What moves the stock market?

AuthorCampbell, John Y.
PositionResearch Summaries

Stock prices tend to move with the state of the economy. This fact is both familiar--it describes the United States, the United Kingdom, and many other national markets in the postwar period, the interwar period, and the 19th Century(1)--and surprisingly hard to explain. My most recent work, with John H. Cochrane, proposes a simple model that accounts for this and other aspects of aggregate stock market behavior.

Financial theorists describe asset prices as expected present values of future payments, discounted to adjust for time and risk. This can be seen as a matter of accounting: if an asset's price is high today, then either its price must be even higher tomorrow, or its dividend must be high tomorrow, or its rate of return between today and tomorrow (the ratio of price plus dividend tomorrow to price today) must be low. If prices cannot grow explosively forever, then an asset with a high price today must have some combination of high dividends and low returns over the indefinite future. Furthermore, investors must recognize this fact in forming their expectations, so when an asset price is high, investors must expect some combination of high future dividends and low future returns.

In a series of papers, some written jointly with Robert J. Shiller, I have developed this simple insight into a quantitative framework for analyzing the variation of asset prices. As a matter of accounting, price movements must be driven by some combination of changing expectations ("news") about future dividends and changing expectations about future returns; the latter in turn can be broken into news about future riskless real interest rates and news about future excess returns on risky assets over riskless ones.(2)

Until the early 1980s, most financial economists believed that there was very little predictable variation in stock returns and that dividend news was by far the most important factor driving stock market fluctuations.

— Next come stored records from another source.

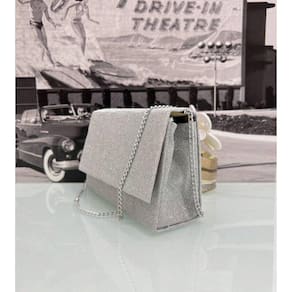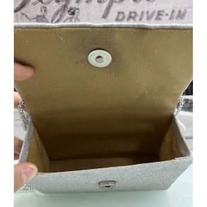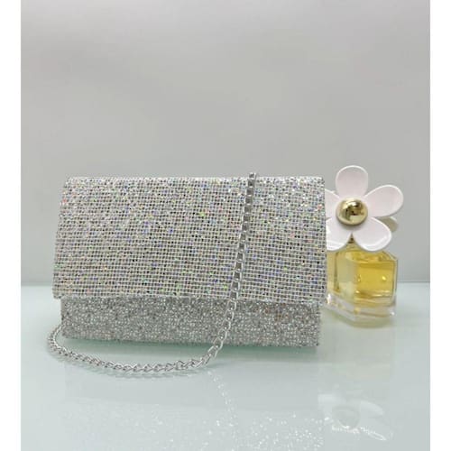 Bolsa Feminino Carteira Bolsinha de Mão com Corrente Transversal e Ombro Brilhosa Glitter para Festa Casamento Presente - Prata - P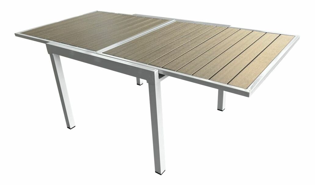 Rozkládací zahradní stůl DARIO (bílá ocel + šedá) (pro 4-8 osob)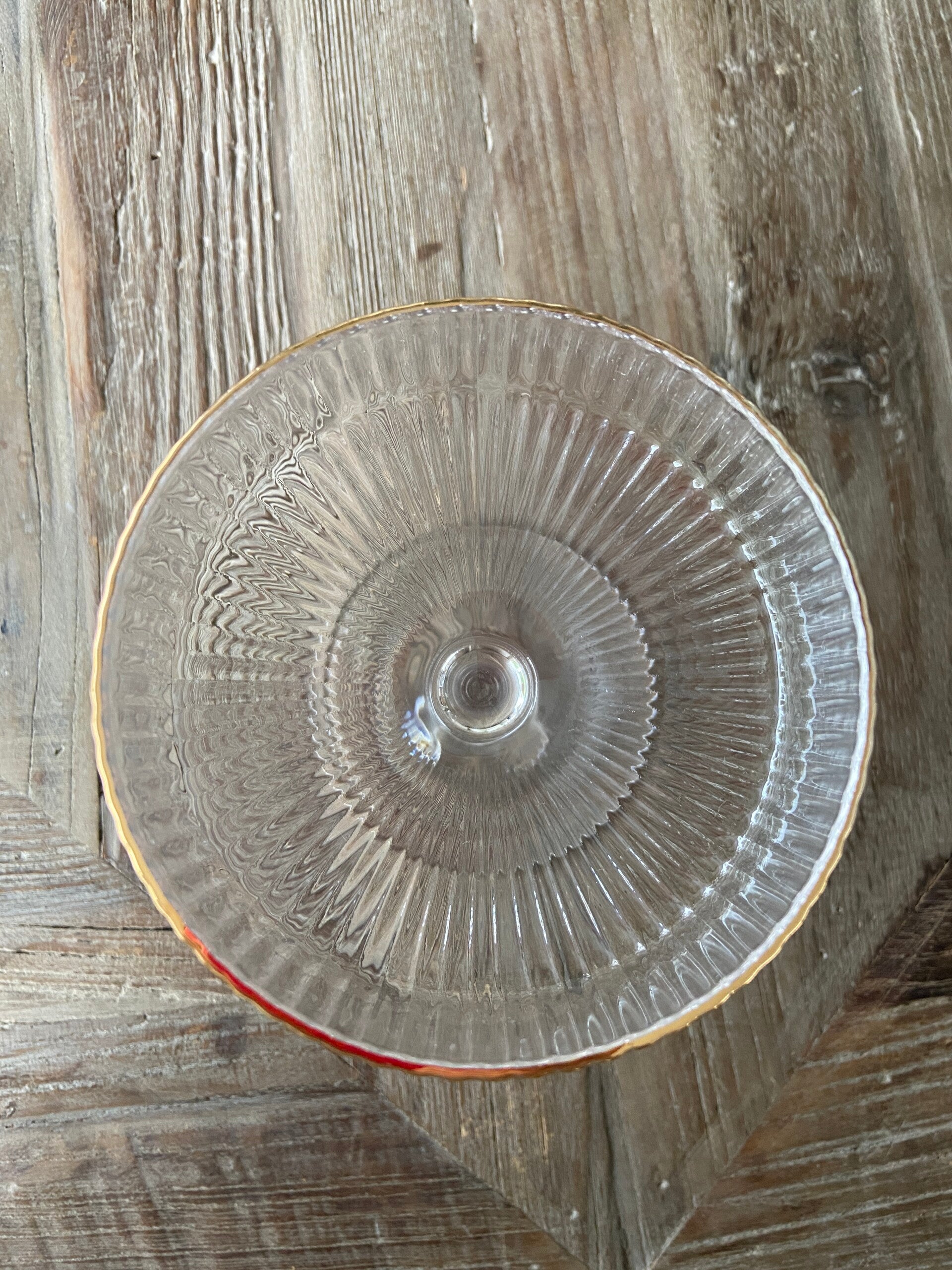 Prachtige verfijnde champagne- of coctail glazen in geslepen glas met gouden randje, ideaal voor al uw feesten of een glaasje in de zon...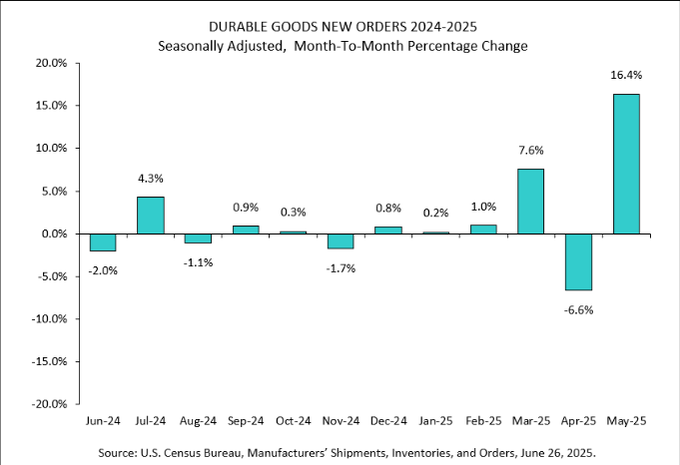 We saw quite a big build in durable orders during May, which came in at 16.4% vs a forecast of just 8.5%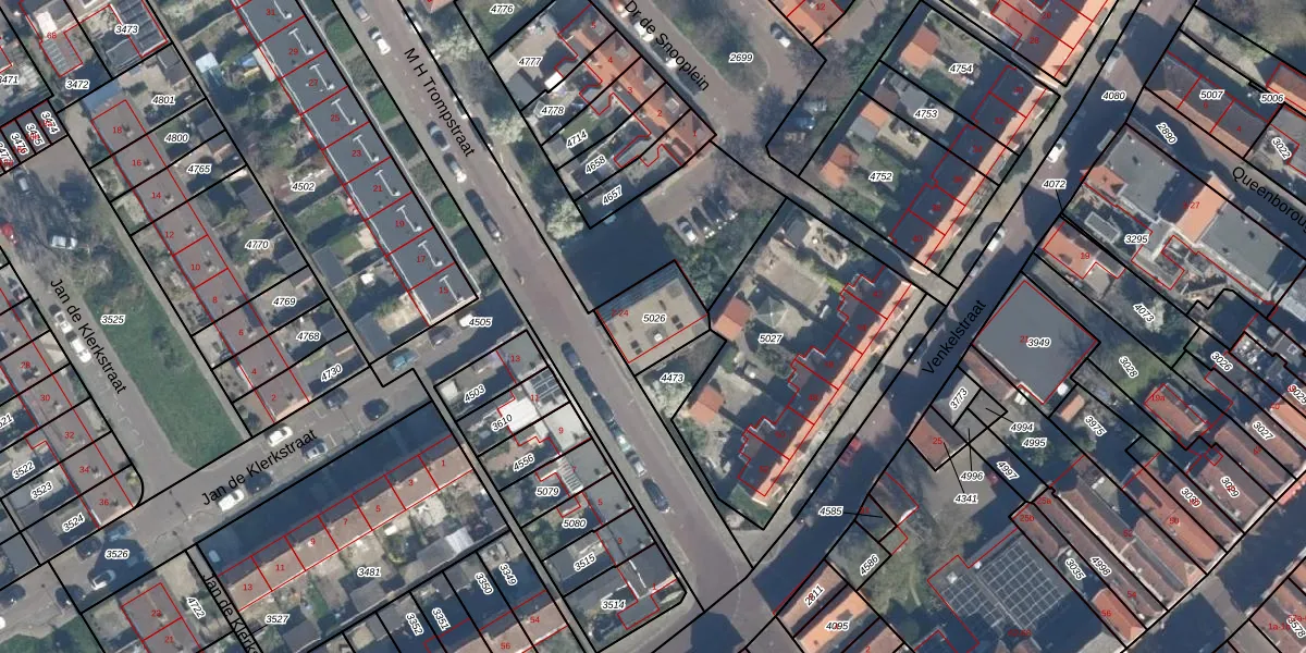 Het perceel waarop M H Trompstraat 16 staat heeft een oppervlakte van 174 m². Dit is een middelgroot perceel. De perceeloppervlakte wordt geregistreerd door het Kadaster. Gedetailleerde informatie over de maten van dit perceel kunt u vinden in het rapport Kadastrale kaart met maatvoering van M H Trompstraat 16.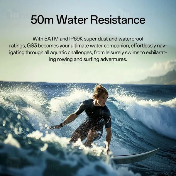 یکی از ویژگی های مهم ساعت هوشمند Black Shark GS3 مقاومت آن در برابر آب باشد. ساعت شیائومی بلک شارک GS3 دارای استاندارد مقاومت IP69K و 5atm است؛ این مقاومت باعث شده شما هنگام شستن دست ها و حمام رفتن بتوانید از این ساعت استفاده کنید. حتی این ساعت را میتوانید با آب با فشار و دمای بالا نیز بشویید. پشت سر گذاشتن موفقیتآمیز 15 تست نظامی نیز حاکی از کیفیت بالا و مقاومت این ساعت
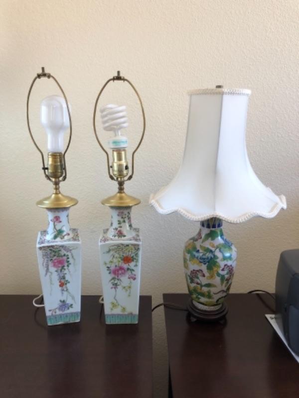 Lot 40U. 3 Asian lamps (2 of which have no shades), 1 Phillips CD alarm clock (works)--$25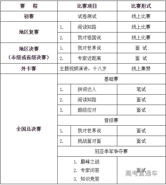 3.外卡赛为大赛组委会特设的网络专用通道,完成大赛报名的选手均可参加。外卡赛为视频演讲集赞活动,参赛学生在活动开放期间登录外卡赛专区按要求上传演讲视频。投票期内获赞票数前十名学生直接晋级全国总决赛。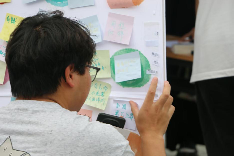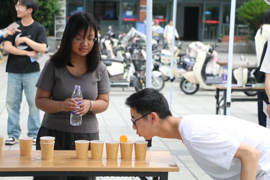 活动现场,同学们有序签到领取游园门票后,便投身于趣味十足的活动中。“撕标签” 区域内,参与者撕下展示板上束缚自我的标签,在便利贴上写下鼓励话语,大胆挑战固有标签,重塑自信。“水上乒乓球” 游戏区,乒乓球在水面跳跃,同学们屏气凝神吹动小球,每一次成功飞跃都引发热烈喝彩。“心绘小黑点” 活动里,同学们以画布小黑点为灵感,创作出独特画作,诠释 “不完美亦是美” 的理念。“心知大闯关” 现场,趣味心理学题目吸引同学们热烈讨论,在挑战中揭开心理学奥秘。

The first challenge to this orthodoxy came from Stephen F. LeRoy and Richard Porter, and from Shiller.(3) These authors pointed out that dividends, and plausible measures of expectations about future dividends, are far less volatile than stock prices. A few years later, Eugene F. Fama and Kenneth R. French studied the predictability of stock returns from past returns and dividend-price ratios. They pointed out that the predictable variation in stock returns becomes increasingly impressive--in the sense that it accounts for an...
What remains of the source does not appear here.